С Никифора, который, помогая Евсею выбраться из речки, тоже вымок по грудь, опьянение спадало, возвращалась трезвость, а вместе с нею и глухое состояние. Он уже не жалел собачонку, хотя и ничего худого к ней не чувствовал, бежал он просто так, без нужды, держась вровень с Евсеевым плечом. На оскорбления Евсея отвечал слабо. А Евсей, ставя натертую галошей ногу внутрь, материл его все крепче, потому как собака уходила дальше, а вон там берег расклинивается логом, и собачонка, погань, непременно метнется в лог – и тогда теплые лохмашки плакали.

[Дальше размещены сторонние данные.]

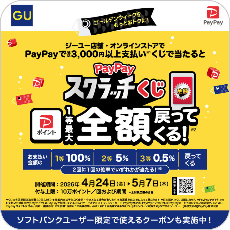 PayPayスクラッチくじと同期間、4/24〜5/7に、ジーユーの全国の店舗とオンラインストアで「GOLDEN WEEK!!」おトクな14日間が開催されます。夏物を中心としたトレンドのアイテムが手に取りやすい価格に!おトクにお買い物をお楽しみください。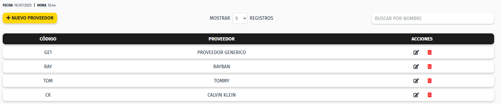 Una vez accedemos a la pantalla de Proveedores, podemos ver el listado de los proveedores creados actualmente.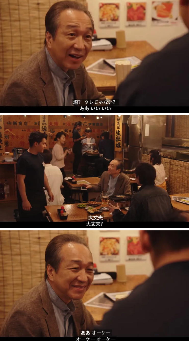 场景切换。主角与他的前辈相约在居酒屋一叙,在他们开始聊天之前一位在店内打工的外国留学生端来了烤串,但却不小心搞错了:
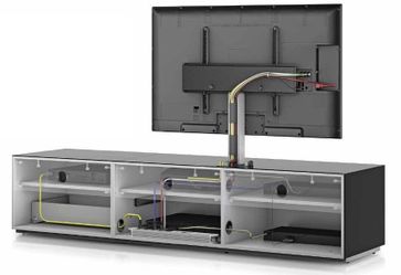 Закрытая стойка под телевизор премиум класса для больших телевизоров. Верхняя полка и дверка сделаны из закаленного стекла. Дверь открывается нажатием. Эффективный кабель-канал для маскировки всех кабелей и шнуров. Скрытые колесики, позволяющие плавно двигать тумбу с техникой, в случае необходимости. Например, протереть пыль за тумбой. В комплекте стойки инфракрасный ретранслятор сигнала (для пультов), то есть оборудование (ДВД плеер, спутниковый ресивер и пр.) внутри стойки будет работать с пульта при закрытой дверке. ТВ стойка оснащена универсальным поворотным кронштейном с возможностью регулировки телевизора по высоте. Характеристики: Габариты (ШxВxГ, мм): 1650x870x450 Закаленное стекло: да Цвет стекла: белый MAX нагрузка (кг): 100 Нагр. на кронштейн (кг): 50 Диагональ ТВ (дюймы): 37-75 Кабель-канал: есть Поворот кронштейна: есть Скрытые колесики: есть Минимальная сумма заказа 1000 рублей. Возможен самовывоз.
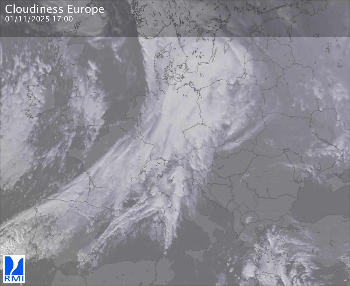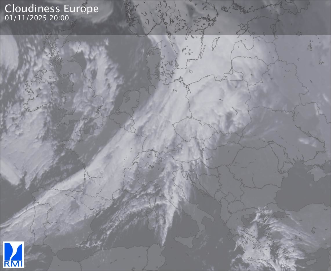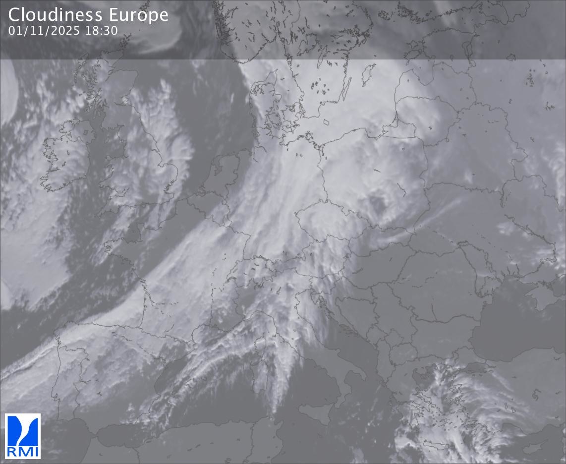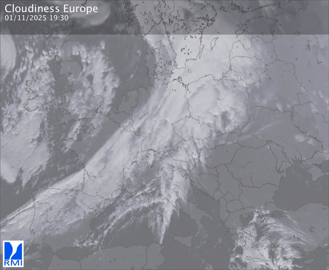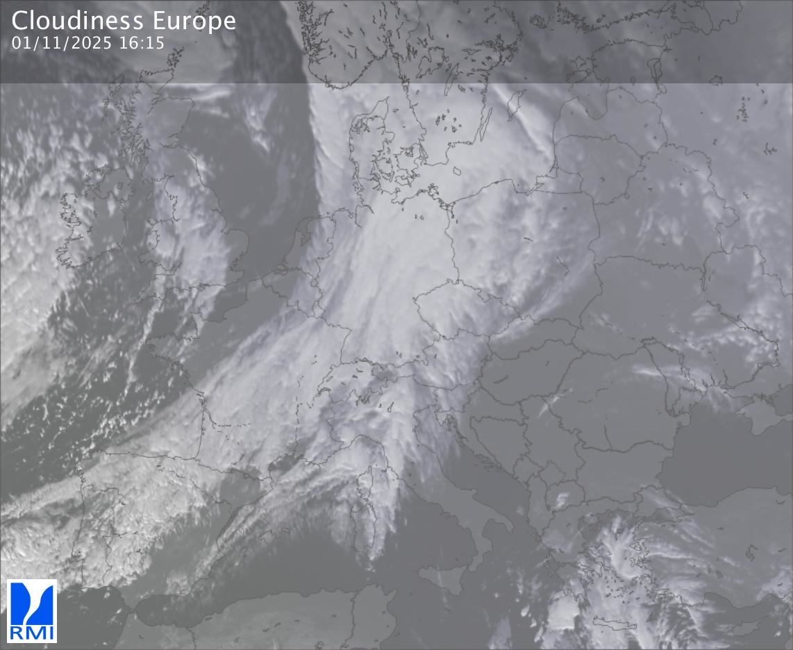 The satellite image of Europe is composed by using both the infrared and the visible light channel from the satellite. Because there are no usable visible light images during the night this composition of channels gives us an image that can be used to observe the clouds by day and by night. The pixelated artifacts are due to the lower resolution of the infrared channel.

Длинный августовский день дожигал свои заботы и отходил на покой, сползая с города сюда, в приречную пойму. Перед Никифором мелькнул улыбчивый образ шуряка Васьки, проталкивающего с бригадой в цехе какую-то свою рационализацию, немного позавидовал ему, и от этой зависти вдруг опять нашло на него опьянение и сделалось до тошноты жаль и себя, и Евсея, и весь знакомый народ.
На краю оврага залиловел домик, и Никифор, помня о нерастраченном рубле с копейками в кармане и хорошо зная, что это за домик, ухватил его дальнозорким глазом и уж больше не выпускал, пока не проступило буквенное выражение: «Пиво-воды».